**About this task:** From the line containing "desktop from scratches" to the last line of the data below, copy everything exactly and nothing else; pictures stay out.

**Stored data:**
--

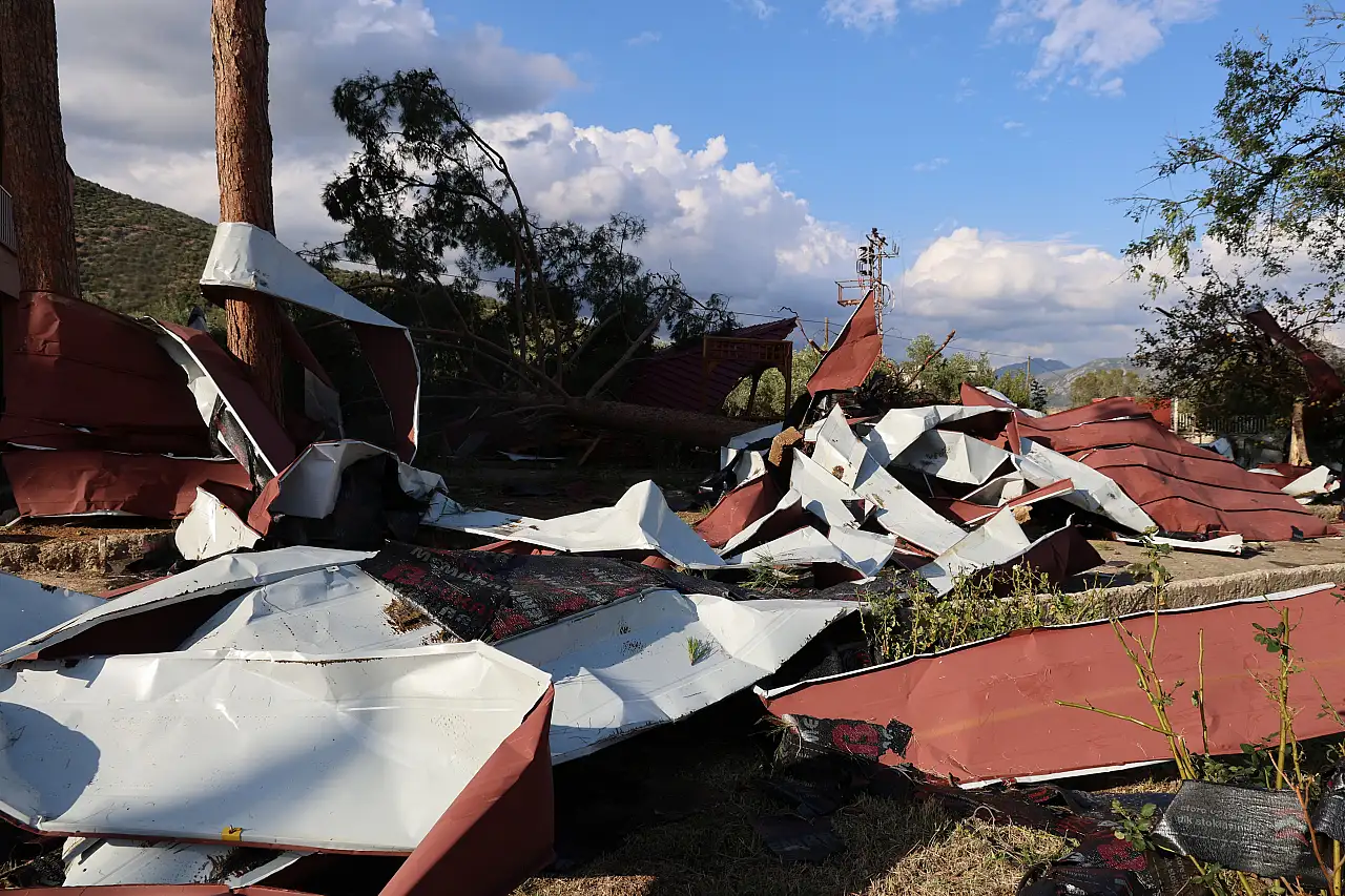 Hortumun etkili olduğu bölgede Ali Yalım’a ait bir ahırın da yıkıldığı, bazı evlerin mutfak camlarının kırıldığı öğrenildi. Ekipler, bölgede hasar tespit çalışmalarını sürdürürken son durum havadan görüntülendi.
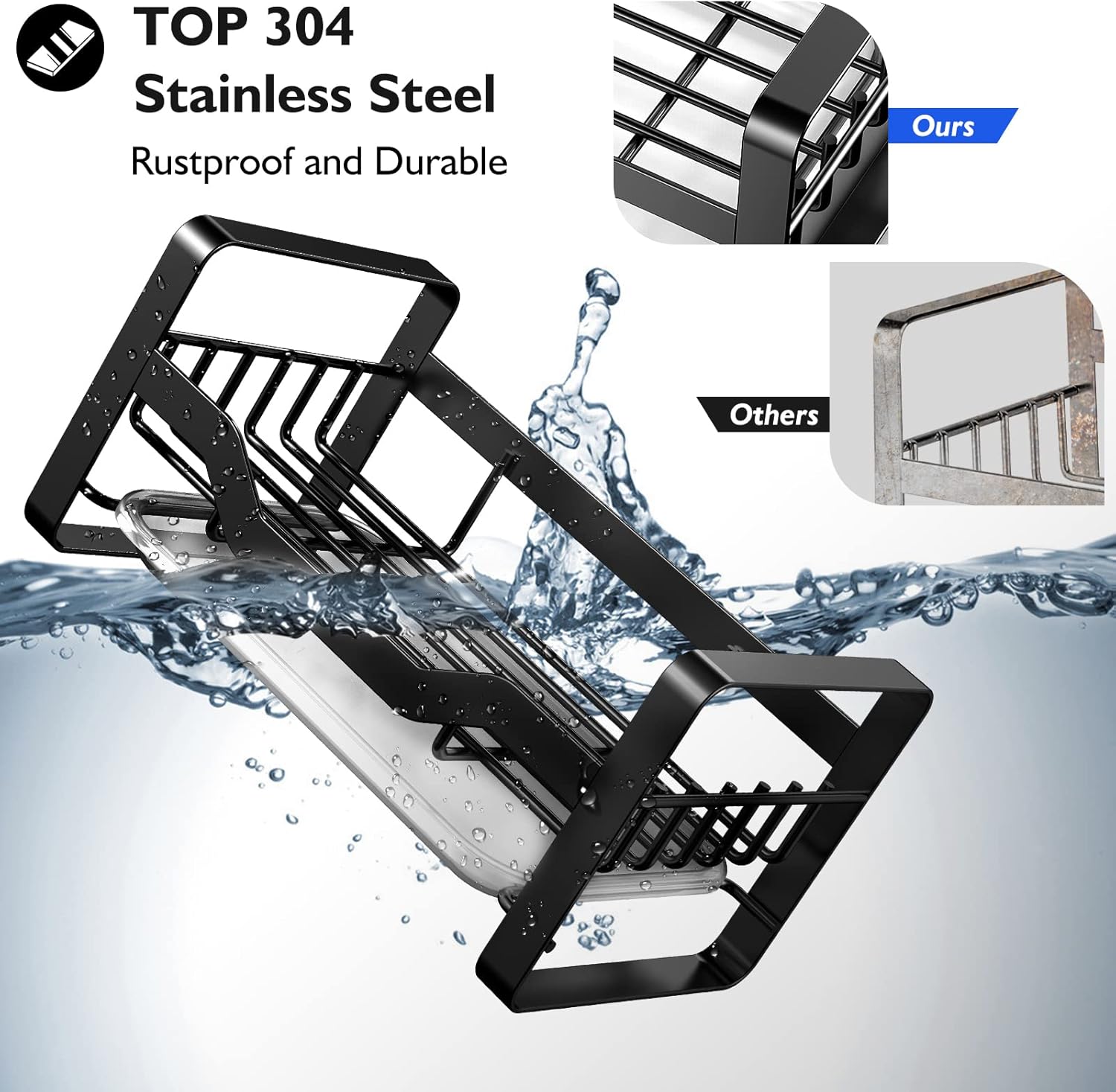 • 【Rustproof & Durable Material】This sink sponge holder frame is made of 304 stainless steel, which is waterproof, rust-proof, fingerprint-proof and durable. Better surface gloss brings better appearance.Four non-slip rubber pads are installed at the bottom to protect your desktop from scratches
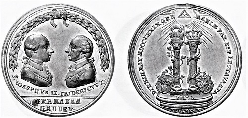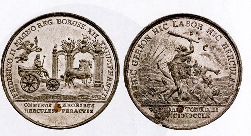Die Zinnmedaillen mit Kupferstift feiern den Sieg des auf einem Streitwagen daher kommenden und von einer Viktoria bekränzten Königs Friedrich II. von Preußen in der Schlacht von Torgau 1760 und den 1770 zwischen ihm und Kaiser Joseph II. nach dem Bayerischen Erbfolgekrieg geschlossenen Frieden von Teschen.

--

**Solved exercise:**
 • 【Rustproof & Durable Material】This sink sponge holder frame is made of 304 stainless steel, which is waterproof, rust-proof, fingerprint-proof and durable. Better surface gloss brings better appearance.Four non-slip rubber pads are installed at the bottom to protect your desktop from scratches
Die Zinnmedaillen mit Kupferstift feiern den Sieg des auf einem Streitwagen daher kommenden und von einer Viktoria bekränzten Königs Friedrich II. von Preußen in der Schlacht von Torgau 1760 und den 1770 zwischen ihm und Kaiser Joseph II. nach dem Bayerischen Erbfolgekrieg geschlossenen Frieden von Teschen.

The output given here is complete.